Despite drastically different approaches to performance, the stats on these machines are actually nearly parallel: both take a little less than 4.5 seconds to hit 60 mph, both weigh about 3,450 pounds, and both can attain a top speed of 155 mph.
Yes, the power and torque figures are completely skewed, and the drive layouts are thoroughly dissimilar, but that’s what makes it so interesting. It’s the old school against the new school, analog against digital. The petroleum will run out eventually, but today is not that day. Who will win this battle?
Autocar set out to find the answer using a race track and two capable drivers. The result is what you’d expect in some ways, but a complete surprise in others. As the future wrestles away the present from the past, we expect many more battles like this to come.
Click past the jump to read more about the BMW i8 and M4.
Taking a spot at fourth on our list of top Performance Cars of the Year, the i8 represents the Bavarian way forward for sporting drives when the fuel starts to run out.
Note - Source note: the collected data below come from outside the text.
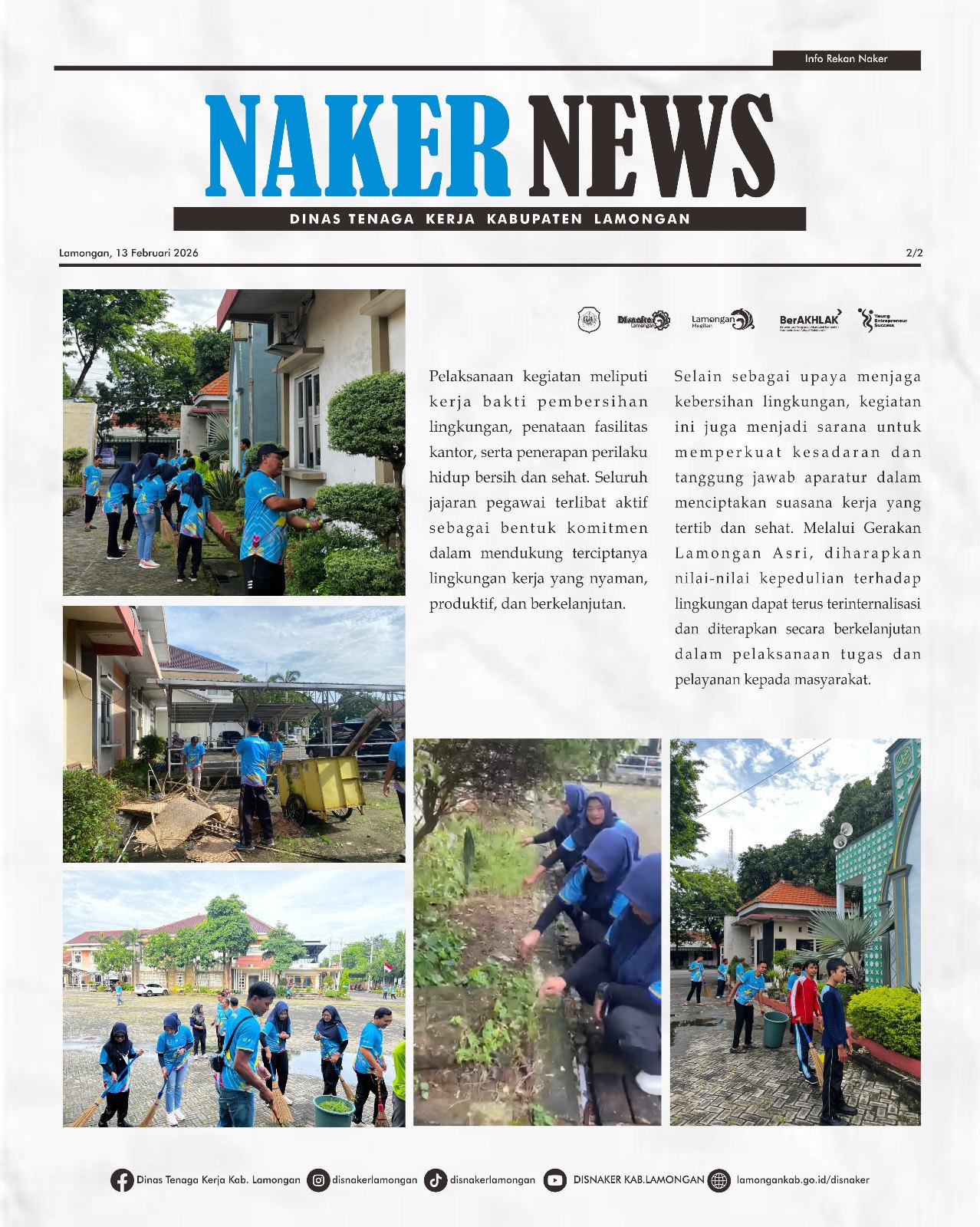Lamongan, 13 Februari 2026 - Sebagai bentuk komitmen dalam mendukung lingkungan yang aman, sehat, resik, dan indah, Dinas Tenaga Kerja Kabupaten Lamongan turut berpartisipasi dalam rangkaian kegiatan Gerakan Lamongan Asri bersama seluruh perangkat daerah.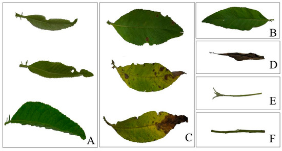 Different plant organs of B. balsamifera (A)-young leaves, (B)-mature leaves, (C)-senescent leaves, (D)-dead leaves, (E)-young shoots, (F)-young stems.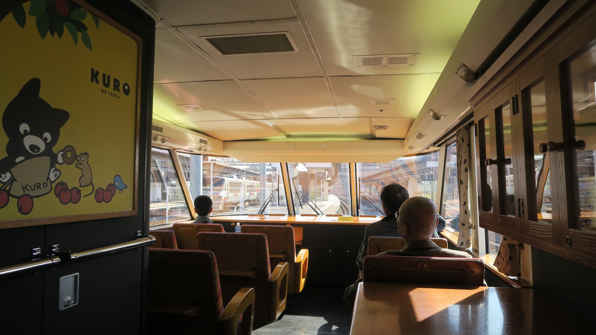 Важная информация для тех, кто хочет прокатиться на данном поезде: места необходимо бронировать заранее через стойку информации JR. Пока изучал сайт, заметил, что все места в вагоне 普通車指定席 - что означает "зарезервированные места".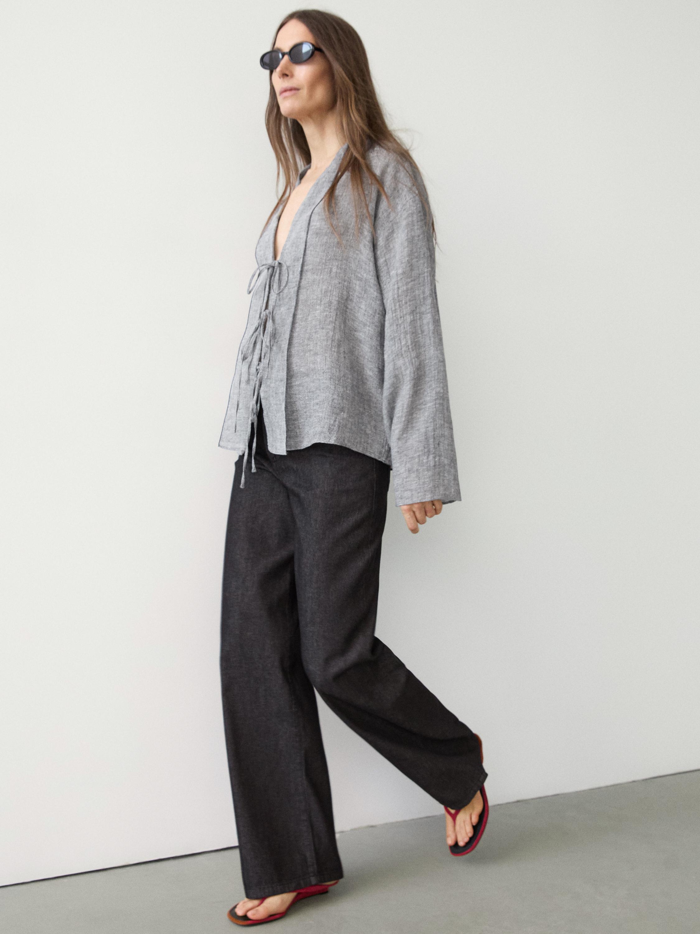 Massimo Dutti Блуза из смесового льна с завязками, серый

Not only is it the first mid-engine car BMW has made in several decades, it’s also the company’s first sports-oriented hybrid, with a turbocharged, 1.5-liter, three-cylinder engine driving the rear wheels, and an electric motor spinning the fronts. Total combined output when the battery is topped off comes to 362 horsepower and 420 pound-feet of torque, which is especially impressive when considering its 95 MPGe rating.
Even though there are two engines and a floor of batteries onboard, BMW kept weight down by using aluminum and carbon-fiber-reinforced plastic extensively in the construction. It also looks tremendous; just strap an ion drive onto the roof, and the i8 could easily sit in some spaceman’s orbiting asteroid garage.
As the more conventional sports car option in this contest, the M4 is responsible for defending the honor of un-electrified displacement all over the world. But don’t think this machine is a relic from the past: the new M4 uses two turbos to boost a 3.0-liter, inline-six, petrol engine to 425 horsepower and 406 pound feet of torque, with peak output hitting around 5,500 rpm. That’s a good deal lower than the 4.0-liter V-8 that it replaces, which should help offset the instant torque of the hybrid i8.
Putting down the power is a seven-speed, dual clutch transmission, but there’s also a standard six-speed for those who like it the old-fashioned way. It’s a front-engine, rear-wheel-drive coupe; it doesn’t get much more traditional than that.